Your instructions.
Would you give again, exactly as written, the lines from the opening of the records to the line with "Ułóż obrazek, a", that line included and pictures excluded?

Listed records.
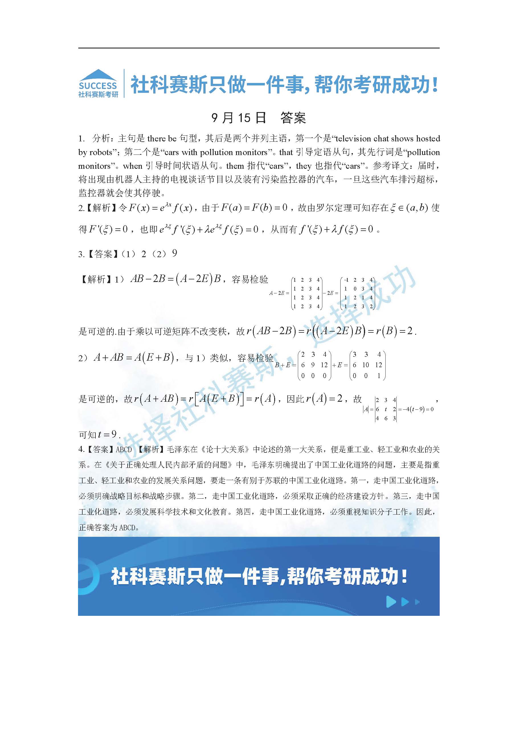 以上就是社科賽斯考研網(wǎng)小編為大家整理2022考研每日一練:9月15日管理類聯(lián)考每日一練及答案的全部內(nèi)容,希望各位考生堅持利用起來,更多每日一練內(nèi)容請持續(xù)關(guān)注社科賽斯考研網(wǎng)。
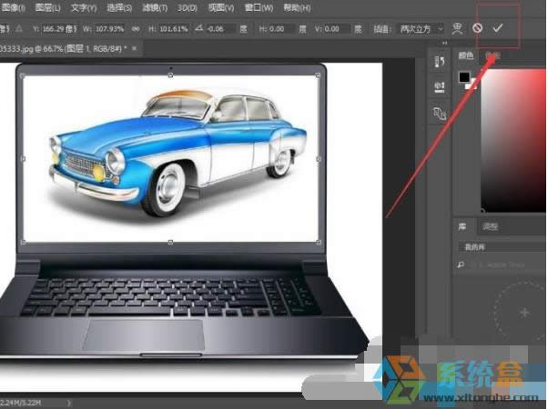 8、最后將圖片拖拽到合適的位置,點(diǎn)擊回車鍵即可,或點(diǎn)擊圖示箭頭處的√保存變換即可。
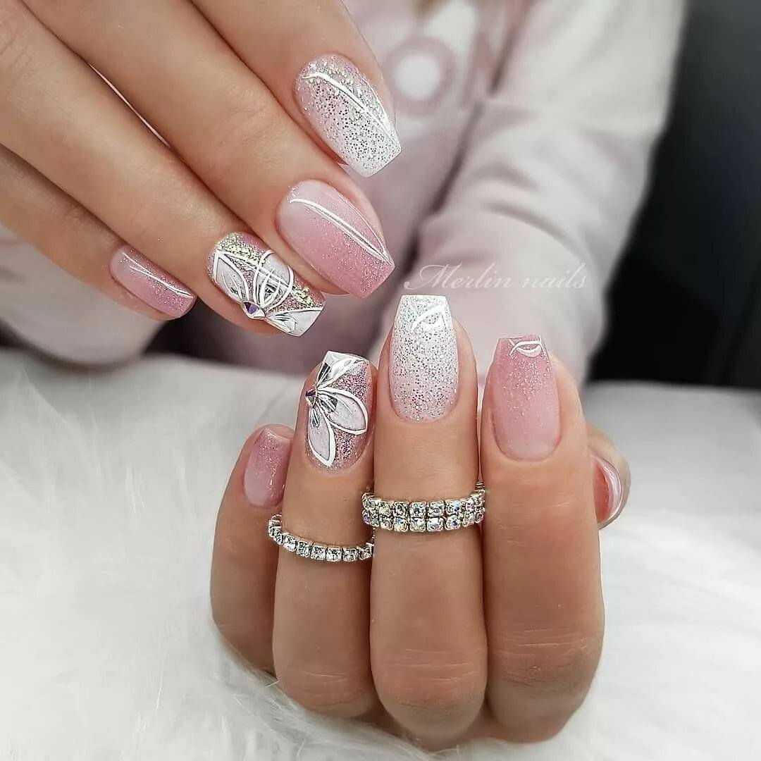 #3 Стильный маникюр с блестками на короткие ногти 2021
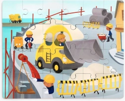 Ułóż obrazek, a potem baw się do woli plastikowym buldożerem. Dzieci ćwiczą logikę podczas układania i wyobraźnię podczas jazdy pojazdem.
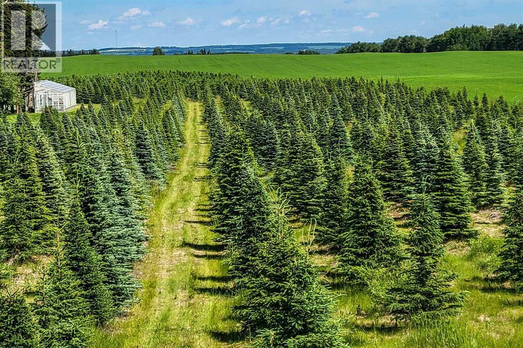Experience your own private paradise on 80 acres in the sought-after Sylvan Lake area. This exceptional estate features a main residence, an approved secondary residence, and a charming guest garden suite offering unparalleled privacy and versatility. Ideally situated just five minutes from Sylvan Lake and twenty minutes from Red Deer, this property is one of the region’s most captivating havens.The main home is constructed with ICF walls, concrete floor joists, and in-floor hot water heating on both levels. Designed for comfort and accessibility, it boasts an elevator and an open-concept layout flooded with natural light. The residence includes five spacious bedrooms, three bathrooms, two kitchens with a walk-in pantry and granite countertops, a sunroom, a generous main-floor laundry with sink and closet, and a walkout basement leading to a southwest-facing patio. Additional features include a double-attached garage for convenience and security.Outdoor living is elevated with a covered deck overlooking picturesque grain fields and forests, a water fountain, a private gazebo with surround sound and fire pit, and a 12’x50’ greenhouse with ICF frost wall for organic growing. The estate is also home to the R FAMILY CHRISTMAS TREE FARM, which includes a 2019 office with forced air heat, 220V power, and modern amenities. The farm boasts an ice-skating rink, picnic shelter, and 14 acres of Christmas trees—approximately 400 sold in 2023.Additional income opportunities abound: a fully upgraded 1976 mobile home rents for $1,500/month plus utilities; a 2017 60’x120’ warehouse, divided into two finished 60’x60’ bays with in-floor heating, 220V power, two three-piece baths, and mezzanines, rents for $2,800/month per bay plus utilities and GST. There are also 43 acres of cropland leased on a share basis.Support buildings include a 1992 60’x60’ shop with two finished bays (in-floor heating on one side, roughed-in on the other), 220V power, a two-piece bathroom, laundry, and a heated mezzanine “man cave.” A 1986 24’x26’ attached garage is fully finished with forced air heat. Multiple storage sheds are available, including a pet-friendly unit with in-floor heat, running water, and power. Solar power installation at the main building site will be installed in fall 2025.Enjoy year-round recreation with convenient lake access for swimming, boating, water skiing, ice fishing, snowmobiling, and cross-country skiing—all while remaining close to local amenities. This extraordinary estate offers unmatched beauty, versatility, and potential. Book your private tour today to experience everything this remarkable property has to offer. (id:63190)

Your solution.
 以上就是社科賽斯考研網(wǎng)小編為大家整理2022考研每日一練:9月15日管理類聯(lián)考每日一練及答案的全部內(nèi)容,希望各位考生堅持利用起來,更多每日一練內(nèi)容請持續(xù)關(guān)注社科賽斯考研網(wǎng)。
 8、最后將圖片拖拽到合適的位置,點(diǎn)擊回車鍵即可,或點(diǎn)擊圖示箭頭處的√保存變換即可。
 #3 Стильный маникюр с блестками на короткие ногти 2021
 Ułóż obrazek, a potem baw się do woli plastikowym buldożerem. Dzieci ćwiczą logikę podczas układania i wyobraźnię podczas jazdy pojazdem.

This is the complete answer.